I've got a dying disk, it's an emotional time, but I've managed to either recover or retrieve backups for most of the data. I've got a few questions though.
When the disk first started dying, boot times went through the roof because it wasn't responding properly, at POST and windows splash. It would show up in disk management in Win 7 sporadically, and it seemed too much activity killed it and it disappeared again.
When it was available it would transfer it would transfer at Kb/s rather than Mb/s.
I managed to get Ubuntu 11.10 installed on my portable disk and boot into that, the dying disk was slow at first and ubuntu threw all sorts of tantrums because it wouldn't respond properly. But when it played nice it did it for a long time and speeds where sometimes in the region of 30-50Mb/s. I managed to get all my important stuff off this way (very happy) but booting back into windows and it still can't see it at all, back into ubuntu and there it is, ready to use.
Question
It's a few tiered question:
- What could have gone wrong to the drive for the strange behaviour (no bad sectors, but still dying)

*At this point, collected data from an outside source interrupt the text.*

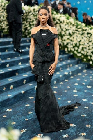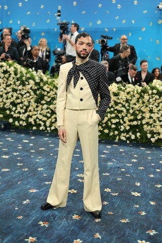 This year’s Met Gala co-chair and truly Black dandy extraordinaire, Colman Domingo, hit it out of the park in this Valentino. The man can WEAR a suit. My personal favorite touch is the white vest paired with cream pinstriped shirt. White & cream! Pure class, my friends!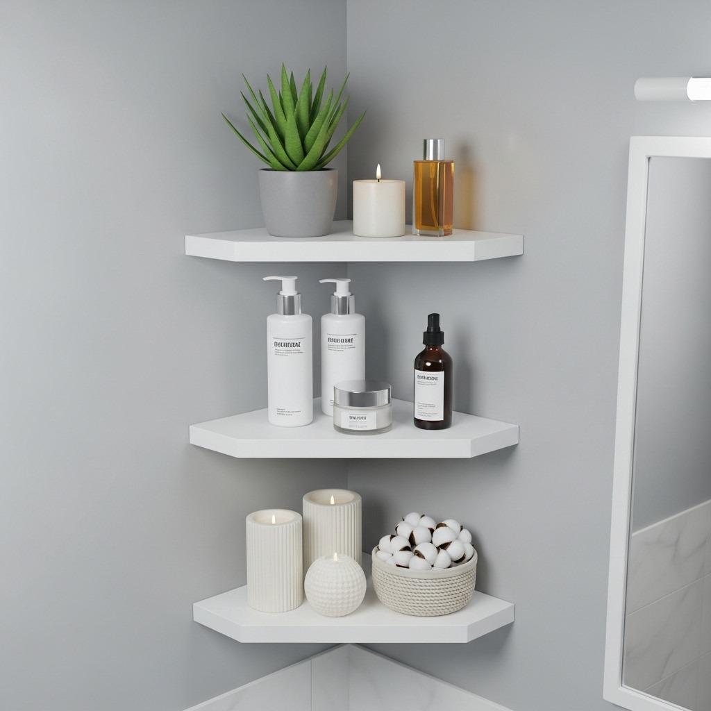 Corner space is bathroom real estate that often goes completely unused. Floating corner shelves change that instantly. They’re perfect for awkward angles where regular shelves won’t fit, and the floating design keeps everything feeling light and modern.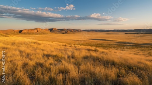 © Yopi, Fototapeta premium Golden Grasslands Sunset Landscape with Distant Mesas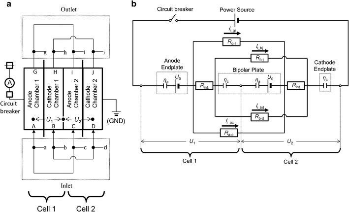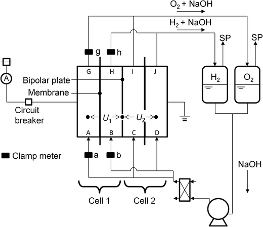 Before measuring reverse current from the cells, electrolysis was conducted for 60 min under the current density between 100 and 600 mA cm−2. By the timing of cutting current supply to the electrolyzer with the circuit breaker, measurement of reverse current as flowing ionic current through the plumbing and cell voltages was started. U 1 and U 2 are the cell voltages measured the anode and cathode terminals on cells, respectively. The reverse current was measured with a DC milliampere clamp meter (KEW 2500) at a, b, g, and h in Fig. 1.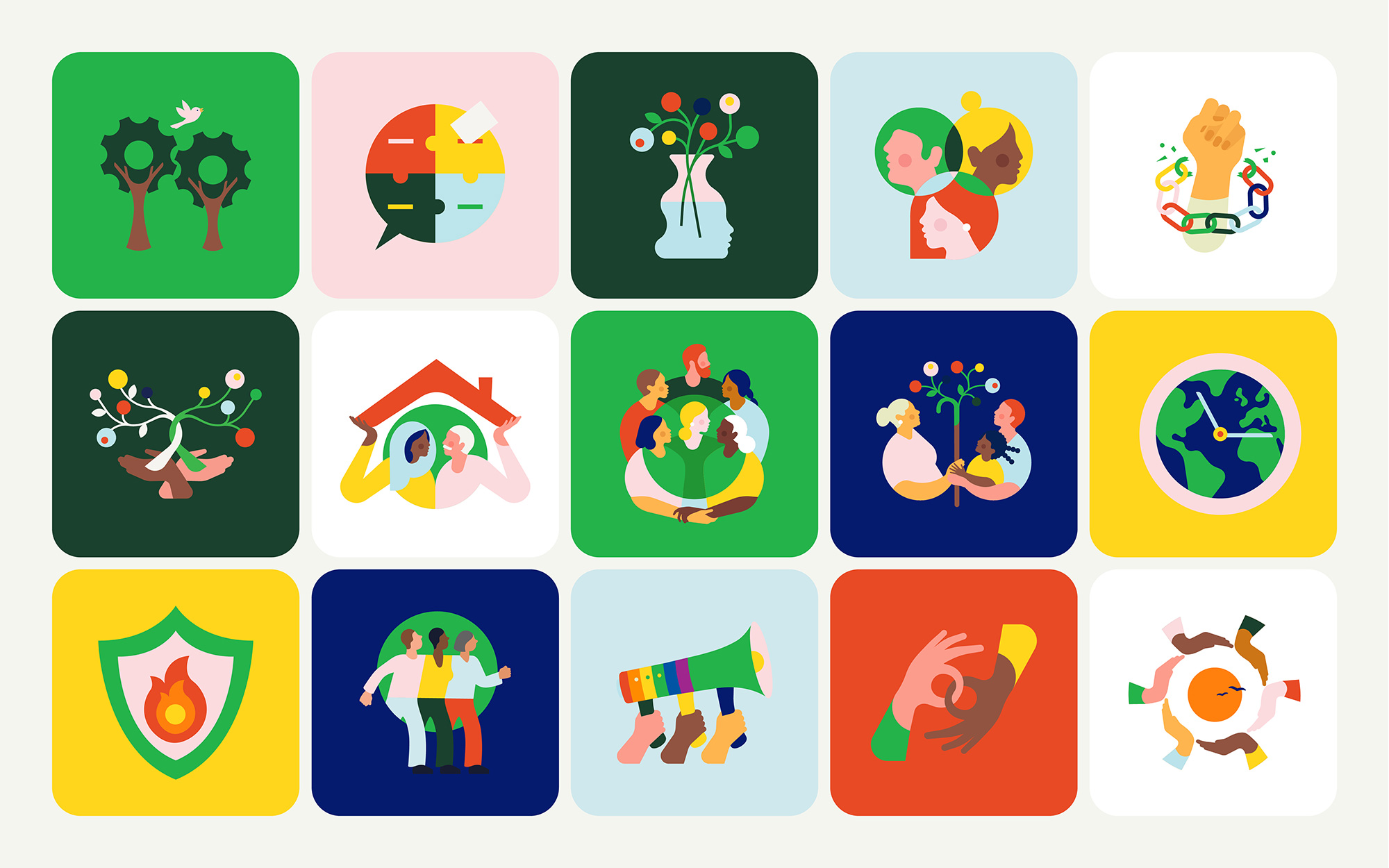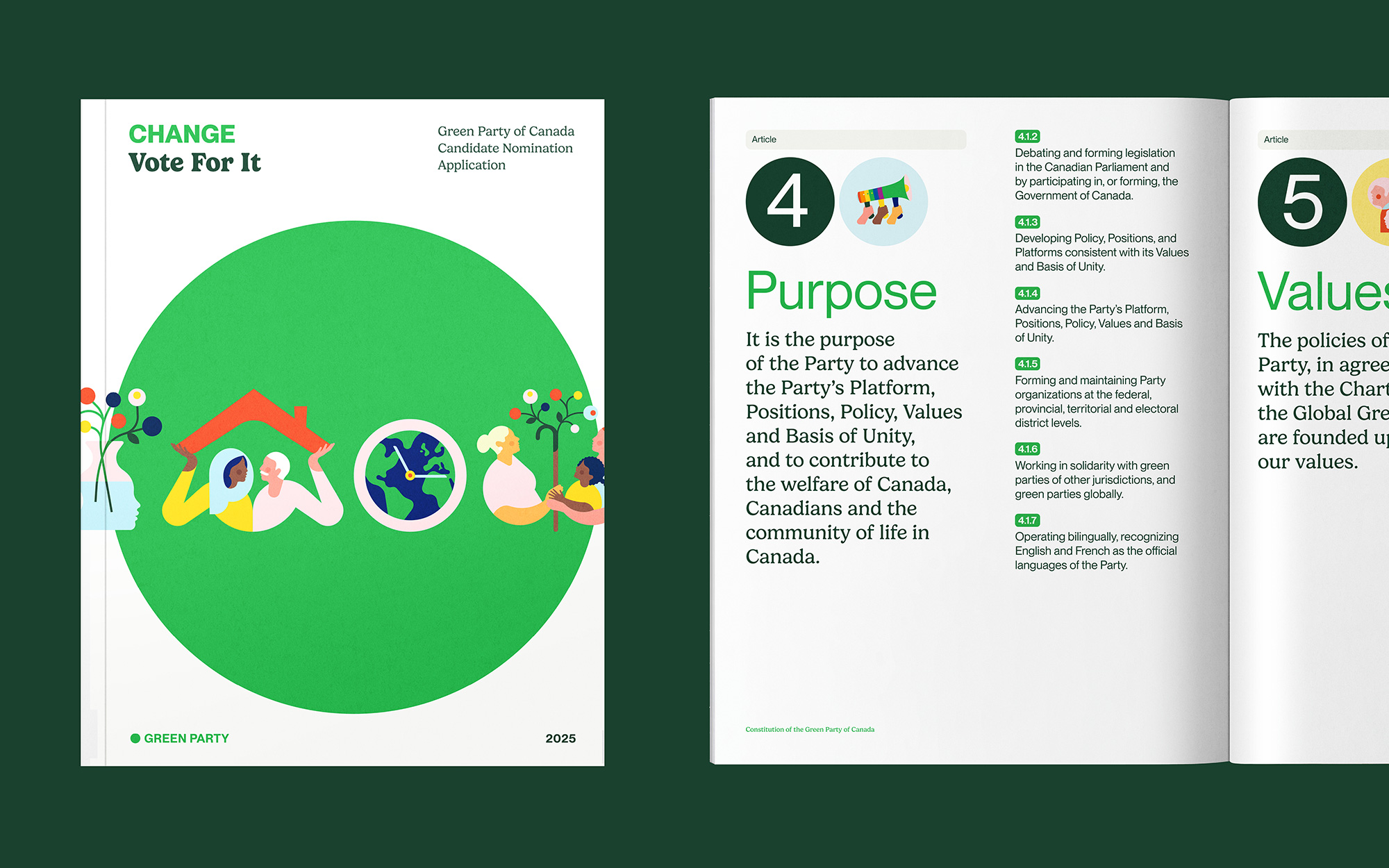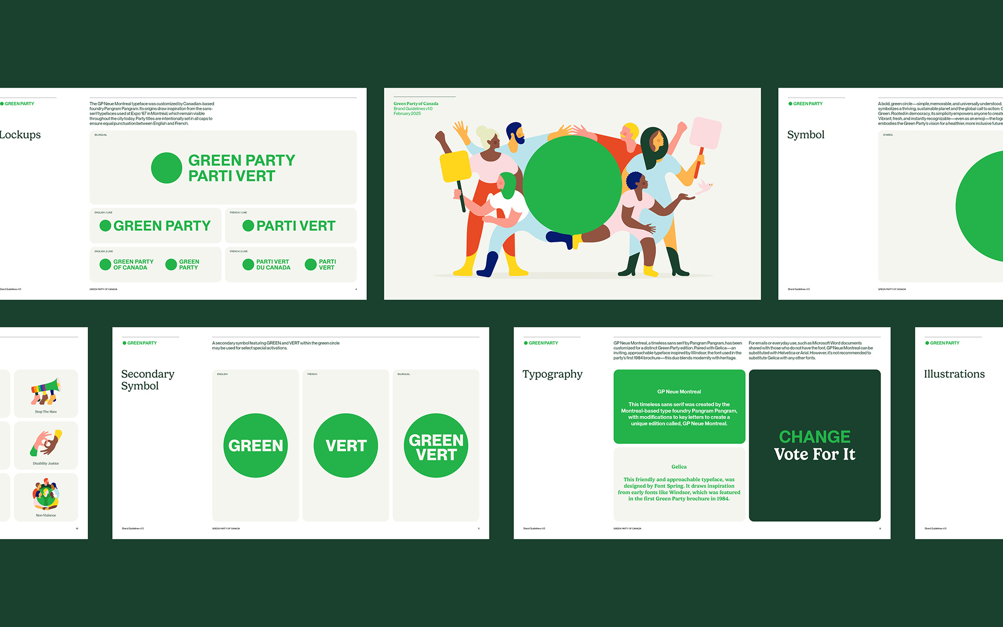 加拿大綠黨(Green Party of Canada)成立于1983年,作為聯(lián)邦政壇第五大黨派,長期聚焦生態(tài)智慧、社會正義等六大核心原則。2024年,為突破傳統(tǒng)政治符號的刻板印象,綠黨啟動品牌形象全面升級,攜手溫哥華設計工作室Tomorrow,以“綠色圓點”為核心符號,構建全民參與的視覺體系。新標識通過200余場線上工作坊,邀請黨員、志愿者及選民共同創(chuàng)作,確保設計策略的深度共鳴。

- Does Linux really deal with [insert drive error here] that much better than windows that it was the difference between life and death of my data
- Why does [insert drive error here] seem to deteriorate over time / useage
With all that's gone on I'm thinking more and more mechanical, but mechanical disk errors are commonplace for OSs and are (in my experience) nicely dealt with. Not this farce.
Specs:
Win 7 Pro x64 on seperate unaffected disk.
Ubuntu 11.10 x64 on portable USB disk.
Dying drive: WD 2TB Caviar Green
Thanks
[update]
Oddness continues, windows now refuses to boot with the dying drive plugged in. I can here a clunk from it every 2 seconds while windows sits at the splash screen, doesn't sound like what I've heard from a dying drive before, but that was a while ago. It sounds like it's trying to start the disk every two seconds and it's refusing. The confusing thing is windows isn't giving up, am I missing something? Shouldn't windows accept defeat and just boot without the drive, or at least show some sort of error, instead of sitting polling it every 2 seconds for 20 mins until I got bored of waiting and killed it?
[update 2]
OK I found something else a little odd last night that makes me not want to give up on this drive just yet. In the Grub prompt at boot (separate issue) even that can read files on the device with next to no lag, and when booting from an Ubuntu live CD that has seemingly good access to the device. Windows however still refuses to boot at all when this device is plugged in. I've seen a few mechanical drive errors before but never inconsistently across OSs.